(DATA FOR THE TASK)

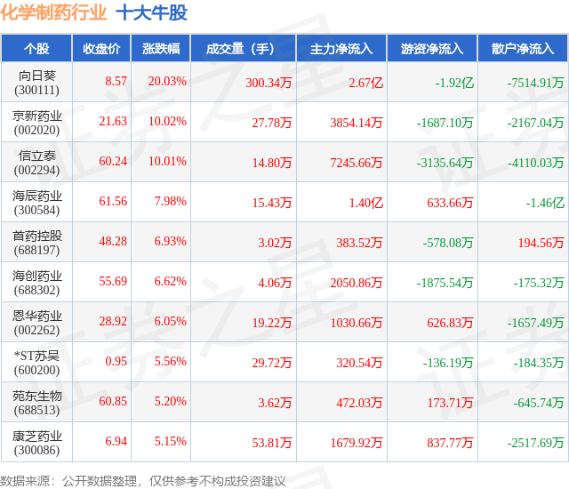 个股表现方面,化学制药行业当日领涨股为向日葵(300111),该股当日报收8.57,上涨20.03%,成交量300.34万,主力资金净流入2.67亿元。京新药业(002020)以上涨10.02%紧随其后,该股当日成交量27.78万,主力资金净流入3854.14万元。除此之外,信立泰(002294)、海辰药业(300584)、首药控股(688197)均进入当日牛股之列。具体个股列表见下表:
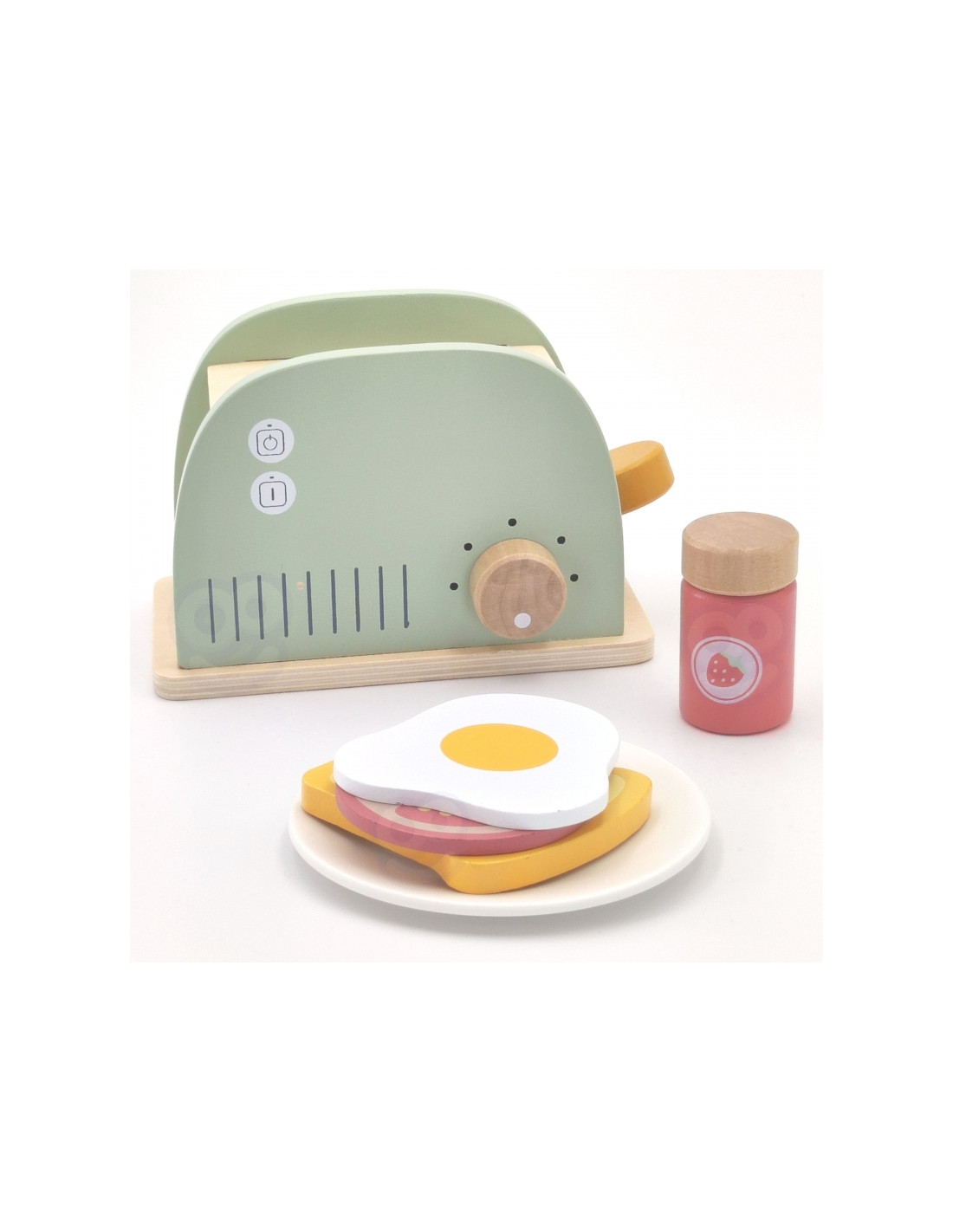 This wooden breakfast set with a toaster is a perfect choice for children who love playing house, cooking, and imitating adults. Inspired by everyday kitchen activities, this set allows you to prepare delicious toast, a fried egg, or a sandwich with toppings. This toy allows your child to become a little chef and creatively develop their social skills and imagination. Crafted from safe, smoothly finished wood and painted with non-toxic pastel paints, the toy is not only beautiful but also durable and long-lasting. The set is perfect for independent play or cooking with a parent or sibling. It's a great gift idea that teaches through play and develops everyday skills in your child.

(End DATA FOR THE TASK)
(DATA FOR THE TASK)

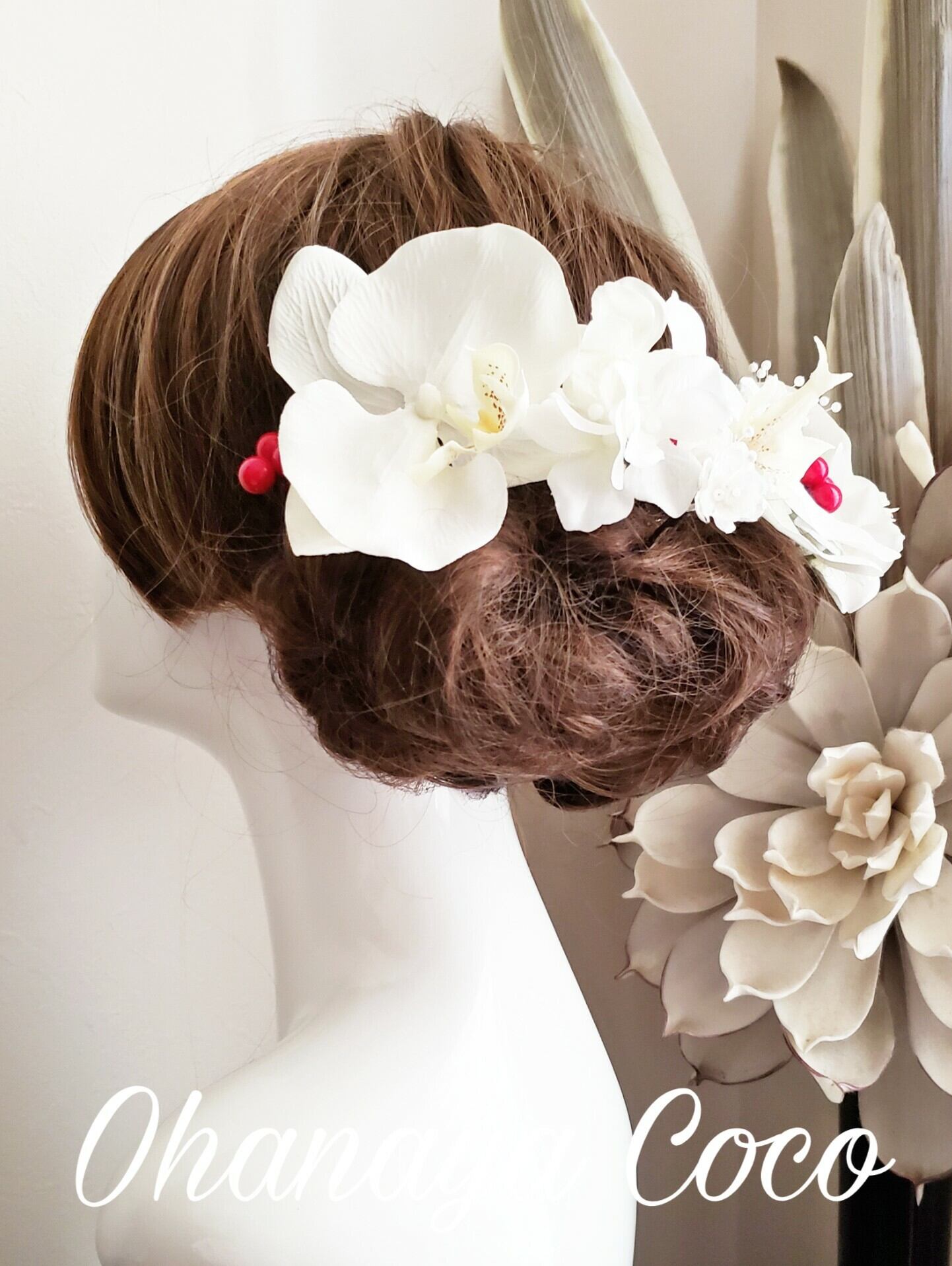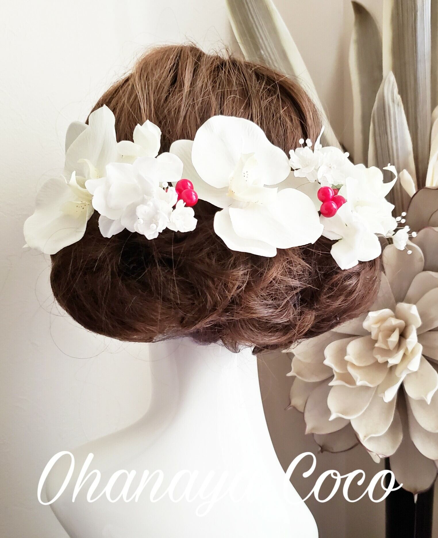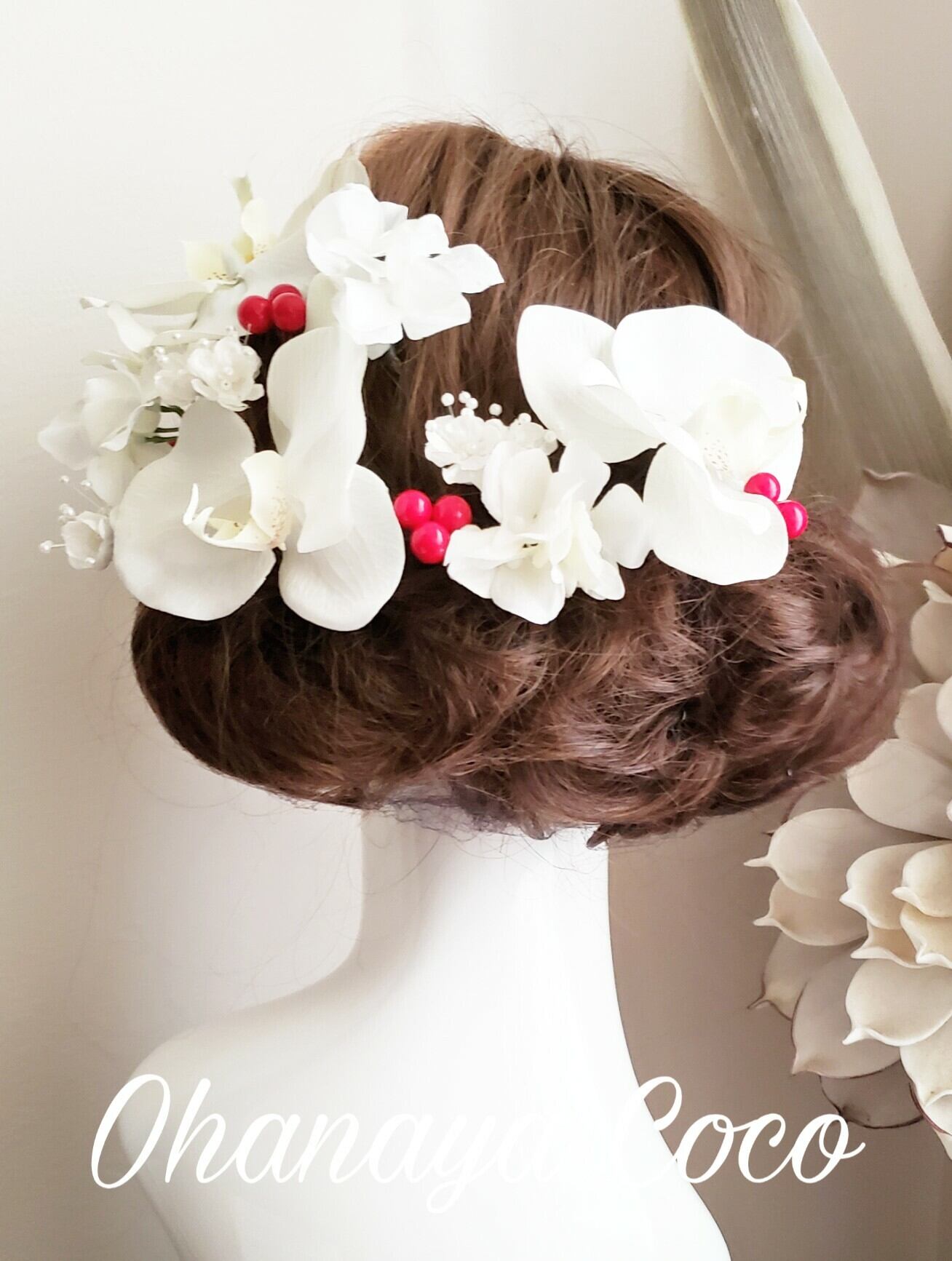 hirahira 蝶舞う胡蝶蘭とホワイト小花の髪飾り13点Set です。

(End DATA FOR THE TASK)

** WORK TO COMPLETE **
Given the records above, return the lines starting at the one that holds "个股表现方面,化学制药行业当" and ending at the one that holds "This wooden breakfast", exactly, and nothing besides; leave every picture out.

** RESPONSE AREA **
 个股表现方面,化学制药行业当日领涨股为向日葵(300111),该股当日报收8.57,上涨20.03%,成交量300.34万,主力资金净流入2.67亿元。京新药业(002020)以上涨10.02%紧随其后,该股当日成交量27.78万,主力资金净流入3854.14万元。除此之外,信立泰(002294)、海辰药业(300584)、首药控股(688197)均进入当日牛股之列。具体个股列表见下表:
 This wooden breakfast set with a toaster is a perfect choice for children who love playing house, cooking, and imitating adults. Inspired by everyday kitchen activities, this set allows you to prepare delicious toast, a fried egg, or a sandwich with toppings. This toy allows your child to become a little chef and creatively develop their social skills and imagination. Crafted from safe, smoothly finished wood and painted with non-toxic pastel paints, the toy is not only beautiful but also durable and long-lasting. The set is perfect for independent play or cooking with a parent or sibling. It's a great gift idea that teaches through play and develops everyday skills in your child.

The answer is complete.